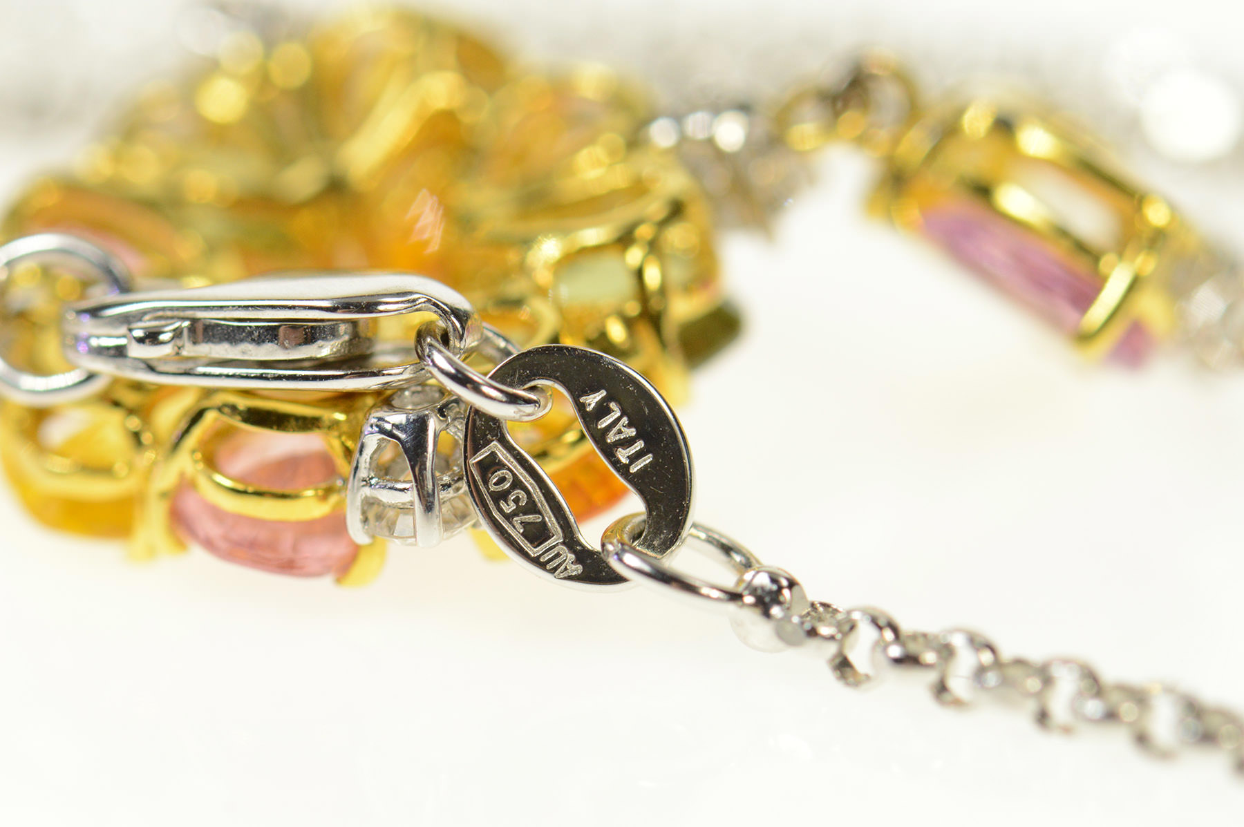 Gem Stone:  4.00 Ctw=10x Green, Pink & Yellow Sapphire 0.39 Ctw=18x Diamond SI
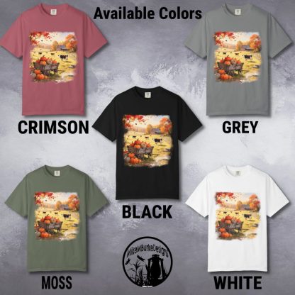 This farm art vintage style t-shirt features a rustic fall country scene printed on soft, pre-shrunk cotton. With a relaxed fit and comfort colors fabric, it’s a cozy nature-inspired gift for women who love the countryside.
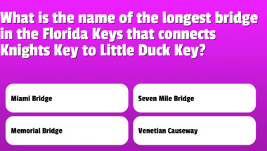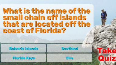 In this fun trivia quiz we're going to ask questions like "What is the name of the small chain off islands that are located off the coast of Flo.." and "What is the smallest US state by area?".
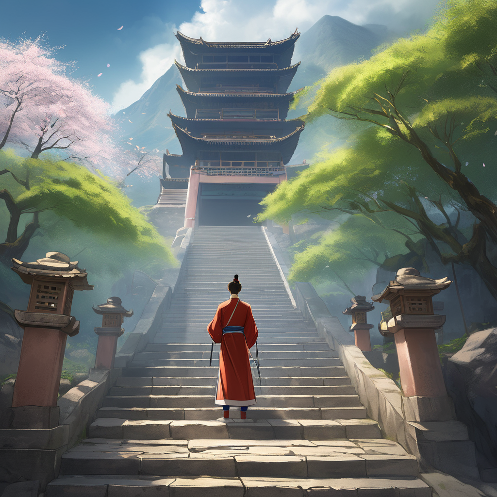 走进大门,林飞看到一条蜿蜒向上的石阶,石阶通向一座造型很独特的建筑,像寺庙但又有些不同。
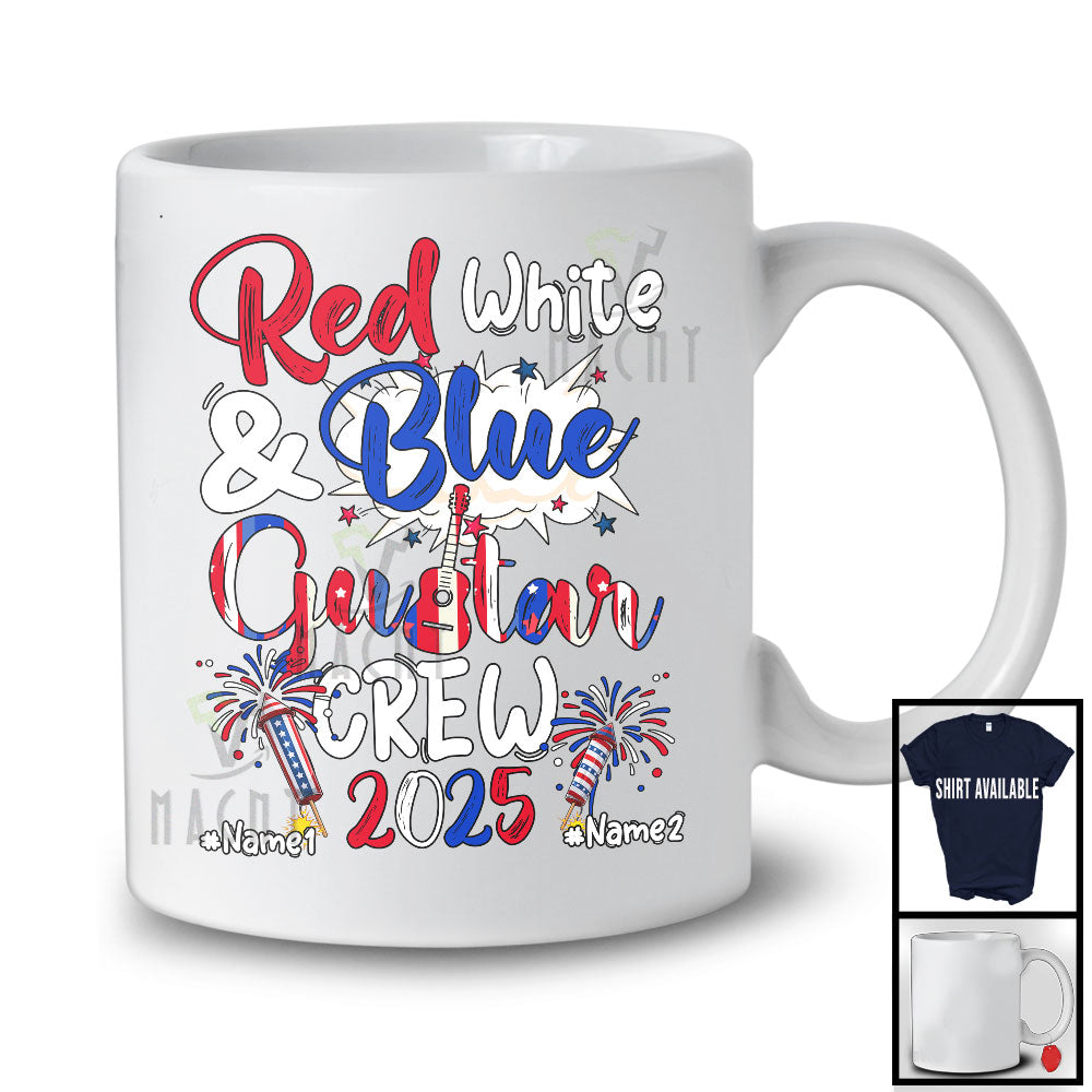 Personalized Custom Name Red White And Guitar Crew 2025, Proud 4th of July Patriotic Group T-Shirt
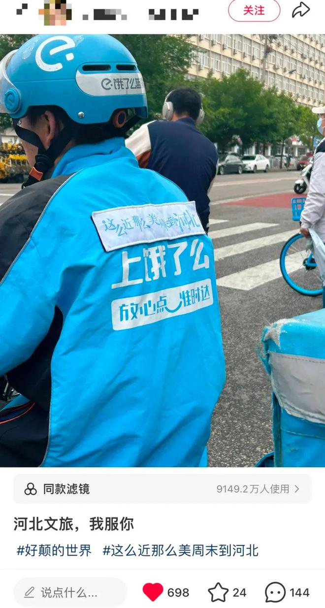 最绝的是,北京外卖骑手也身着印有口号的蓝色马甲穿街走巷,网友戏称:点个黄焖鸡都在被河北文旅监控。
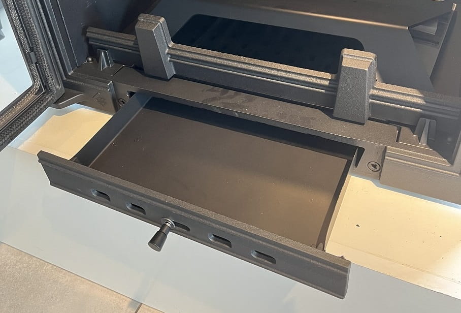 Szuflada/pojemnik na popiół, w których gromadzą się pozostałości po spalonym drewnie oraz ruchomy ruszt, ułatwiający usunięcie popiołu.
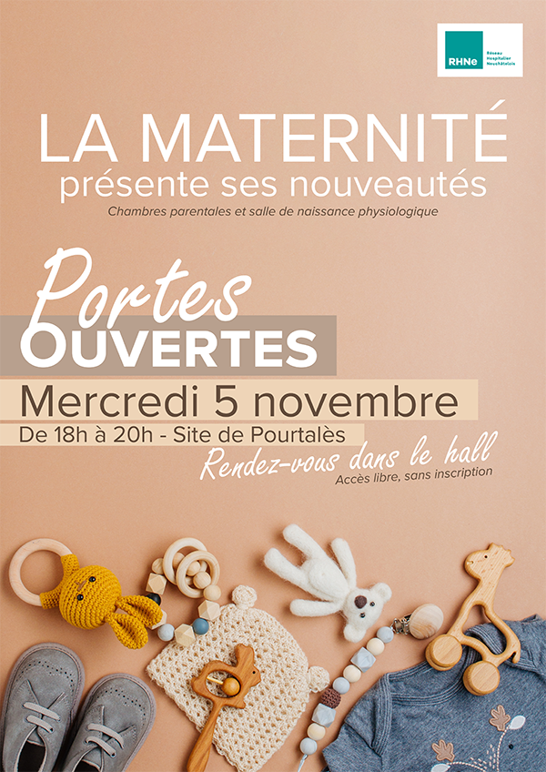 Envie de découvrir ces nouveautés de plus près? La maternité du RHNe ouvrira ses portes au public le mercredi 5 novembre, de 18h à 20h, lors d’une soirée spéciale sans inscription (orientation depuis le hall du site de Pourtalès à Neuchâtel).
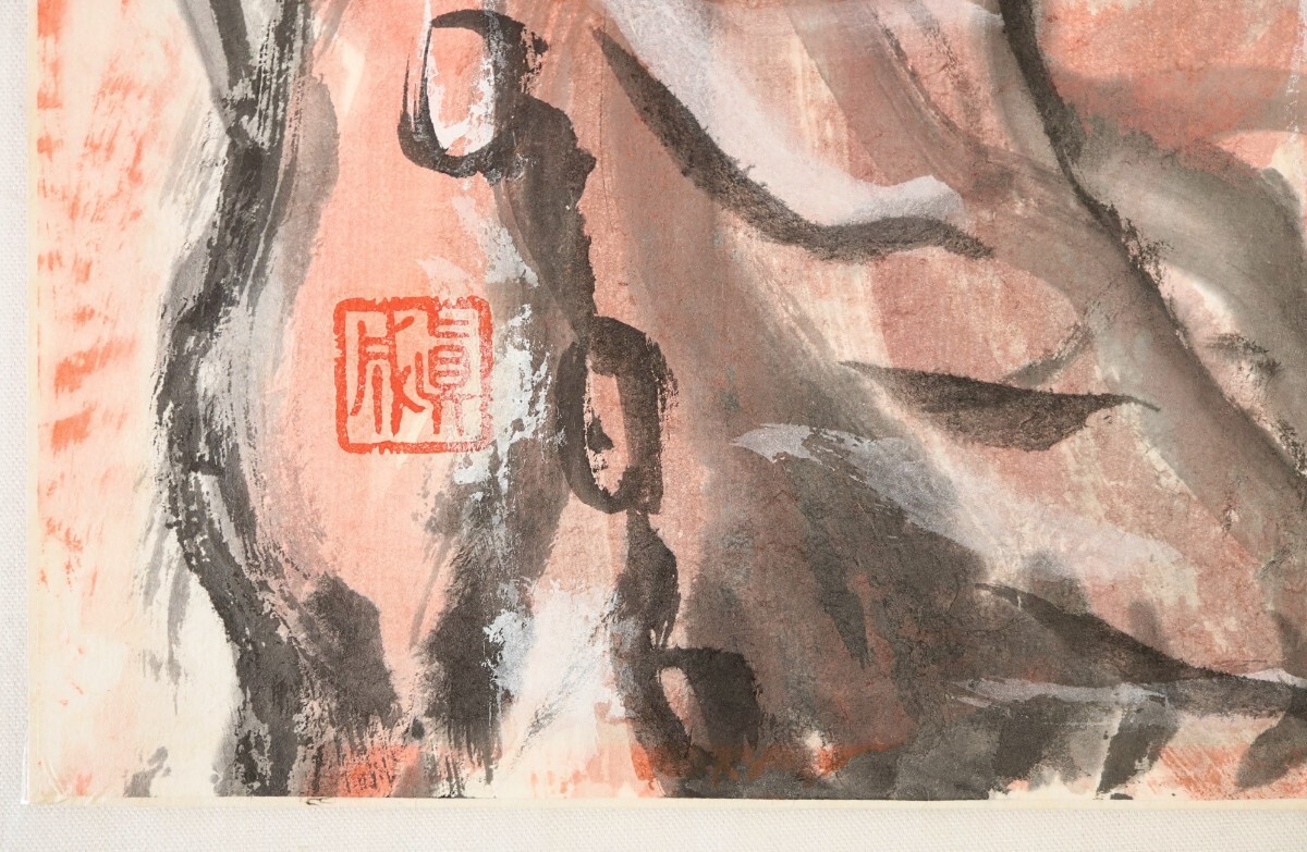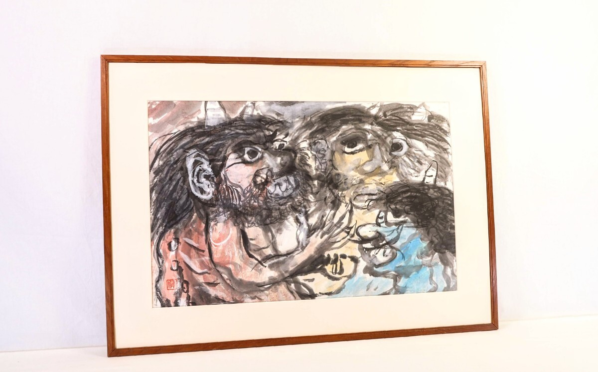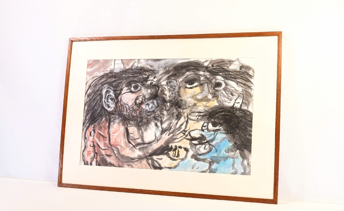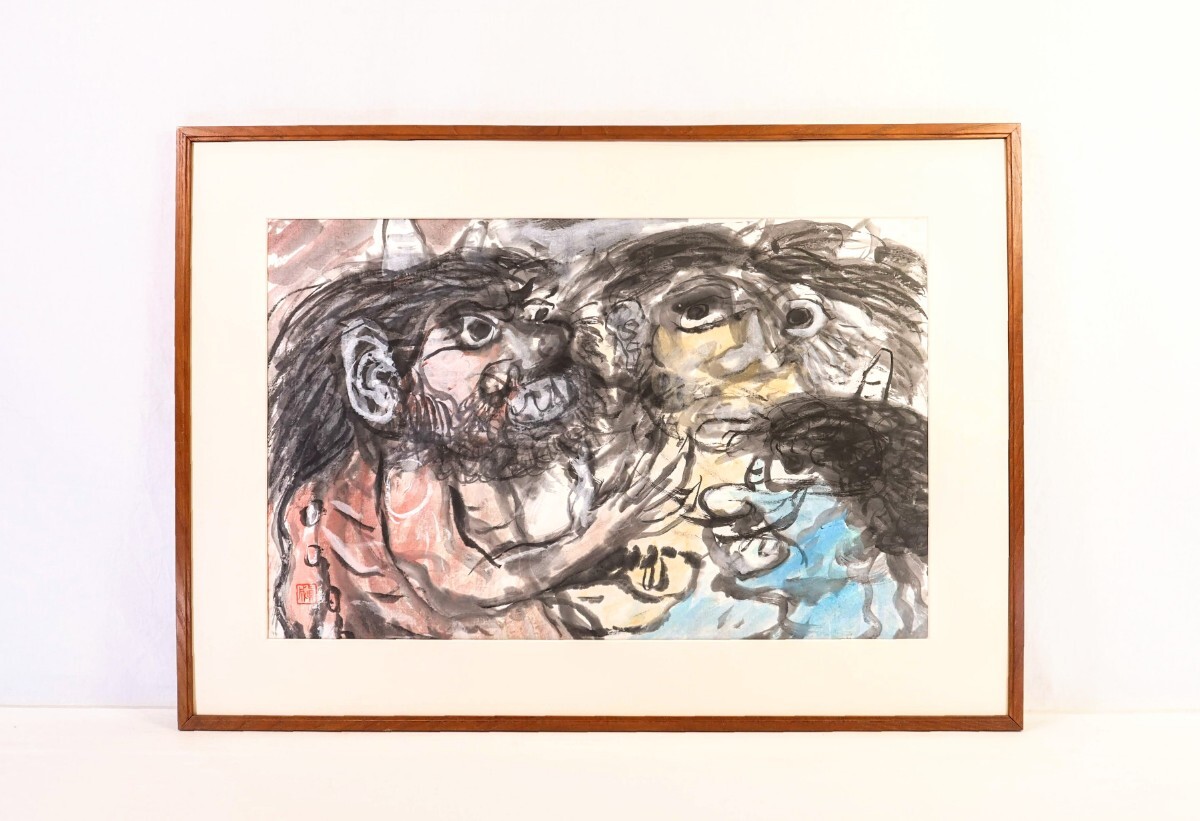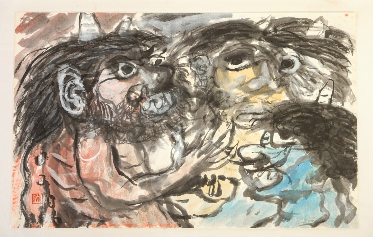 真作 斎藤真成 墨彩「鬼三匹」画寸 69.5cm×45cm 愛知県出身 真正極楽寺貫主 須田国太郎に師事 仏教説話を題材に抽象化した色面構成 9685
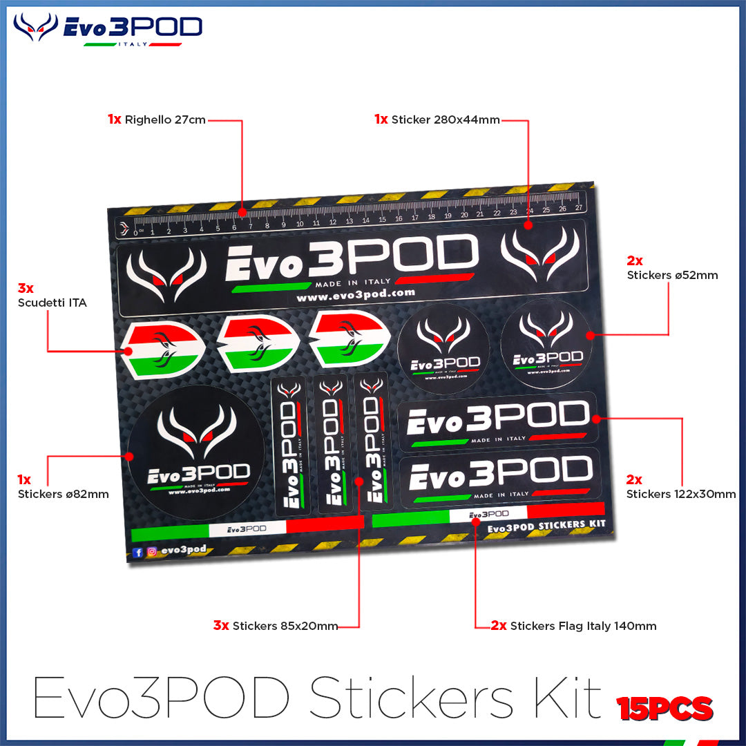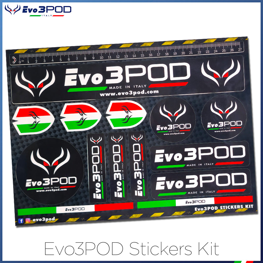 Set di 15 Adesivi Evo3POD da utilizzare su i vostri accessori ed attrezzature da pesca.

^^^^^^^^^^^^^^^^

Your assignment:
From the line that includes "Personalized Custom Name" on down to the last line of the entries above, set down each line exactly, leaving out the pictures.

The answer:
 Personalized Custom Name Red White And Guitar Crew 2025, Proud 4th of July Patriotic Group T-Shirt
 最绝的是,北京外卖骑手也身着印有口号的蓝色马甲穿街走巷,网友戏称:点个黄焖鸡都在被河北文旅监控。
 Szuflada/pojemnik na popiół, w których gromadzą się pozostałości po spalonym drewnie oraz ruchomy ruszt, ułatwiający usunięcie popiołu.
 Envie de découvrir ces nouveautés de plus près? La maternité du RHNe ouvrira ses portes au public le mercredi 5 novembre, de 18h à 20h, lors d’une soirée spéciale sans inscription (orientation depuis le hall du site de Pourtalès à Neuchâtel).
 真作 斎藤真成 墨彩「鬼三匹」画寸 69.5cm×45cm 愛知県出身 真正極楽寺貫主 須田国太郎に師事 仏教説話を題材に抽象化した色面構成 9685
 Set di 15 Adesivi Evo3POD da utilizzare su i vostri accessori ed attrezzature da pesca.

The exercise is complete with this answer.